Pareto Invariant Representation Learning for Multimedia Recommendation

Multimedia recommendation involves personalized ranking tasks, where multimedia content is usually represented using a generic encoder. However, these generic representations introduce spurious correlations that fail to reveal users' true preferences. Existing works attempt to alleviate this problem by learning invariant representations, but overlook the balance between independent and identically distributed (IID) and out-of-distribution (OOD) generalization. In this paper, we propose a framework called Pareto Invariant Representation Learning (PaInvRL) to mitigate the impact of spurious correlations from an IID-OOD multi-objective optimization perspective, by learning invariant representations (intrinsic factors that attract user attention) and variant representations (other factors) simultaneously. Specifically, PaInvRL includes three iteratively executed modules: (i) heterogeneous identification module, which identifies the heterogeneous environments to reflect distributional shifts for user-item interactions; (ii) invariant mask generation module, which learns invariant masks based on the Pareto-optimal solutions that minimize the adaptive weighted Invariant Risk Minimization (IRM) and Empirical Risk (ERM) losses; (iii) convert module, which generates both variant representations and item-invariant representations for training a multi-modal recommendation model that mitigates spurious correlations and balances the generalization performance within and cross the environmental distributions.

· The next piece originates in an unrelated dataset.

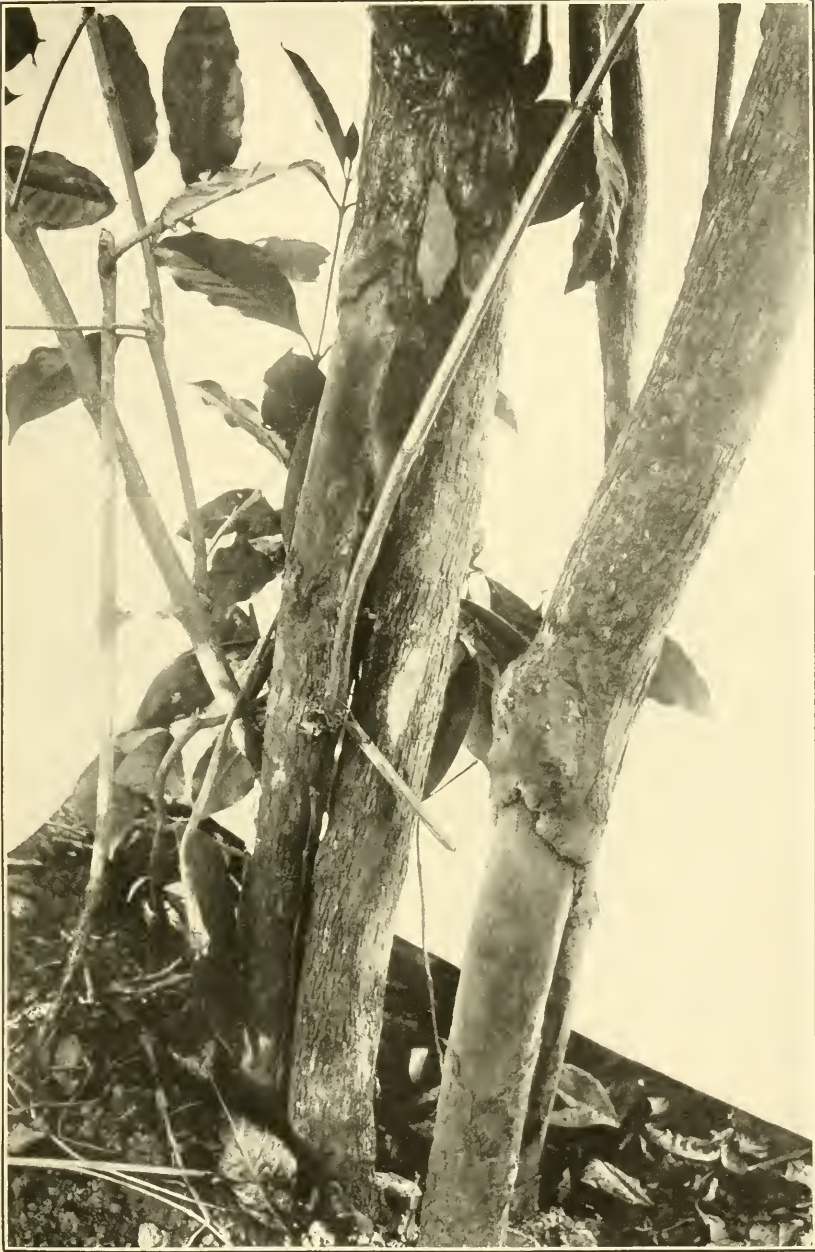
TRUNK OF COFFEE TREE WITH FUSARIUM DISEASE PRODUCED BY INOCULATION.

We compare the proposed PaInvRL with state-of-the-art recommendation models on three public multimedia recommendation datasets (Movielens, Tiktok, and Kwai), and the experimental results validate the effectiveness of PaInvRL for both within- and cross-environmental learning.

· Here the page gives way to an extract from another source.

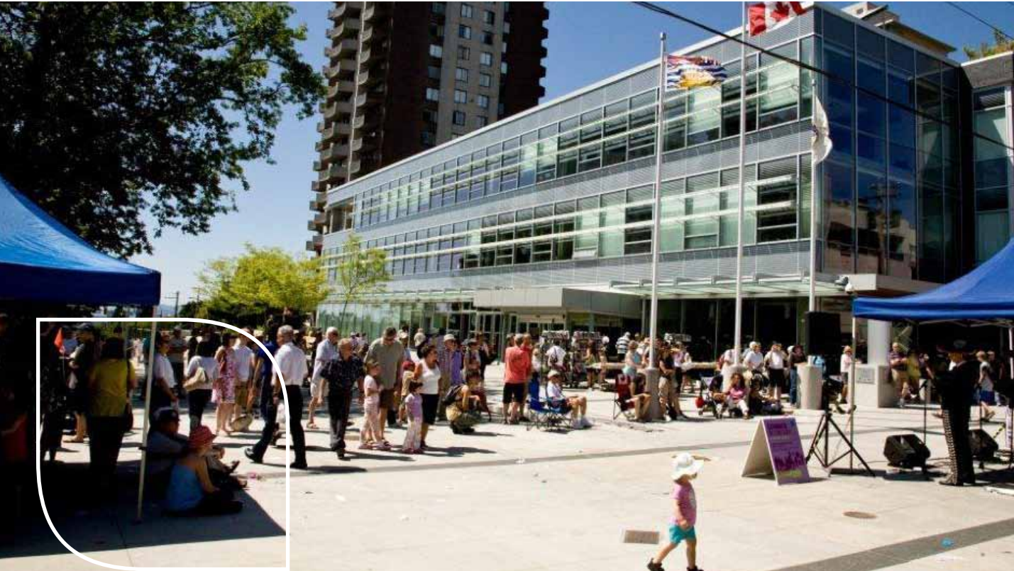
City of North Vancouver Civic Plaza

翻译：多媒体推荐涉及个性化排序任务，其中多媒体内容通常使用通用编码器进行表示。然而，这些通用表示引入虚假相关性，难以揭示用户的真实偏好。现有研究尝试通过学习不变表示来缓解该问题，但忽视了独立同分布（IID）与分布外（OOD）泛化之间的平衡。本文提出一种名为帕累托不变表示学习（PaInvRL）的框架，从IID-OOD多目标优化视角减轻虚假相关性的影响，通过同时学习不变表示（吸引用户注意力的内在因素）与变体表示（其他因素）。具体而言，PaInvRL包含三个迭代执行的模块：（i）异构环境识别模块，识别异构环境以反映用户-物品交互的分布偏移；（ii）不变掩码生成模块，基于帕累托最优解学习不变掩码，最小化自适应加权的不变风险最小化（IRM）与经验风险（ERM）损失；（iii）转换模块，生成变体表示与物品不变表示，用于训练多模态推荐模型，以减轻虚假相关性并平衡环境分布内与跨环境分布的泛化性能。我们将所提PaInvRL与多个最先进的推荐模型在三个公开多媒体推荐数据集（Movielens、Tiktok和Kwai）上进行对比，实验结果验证了PaInvRL在环境内与跨环境学习中的有效性。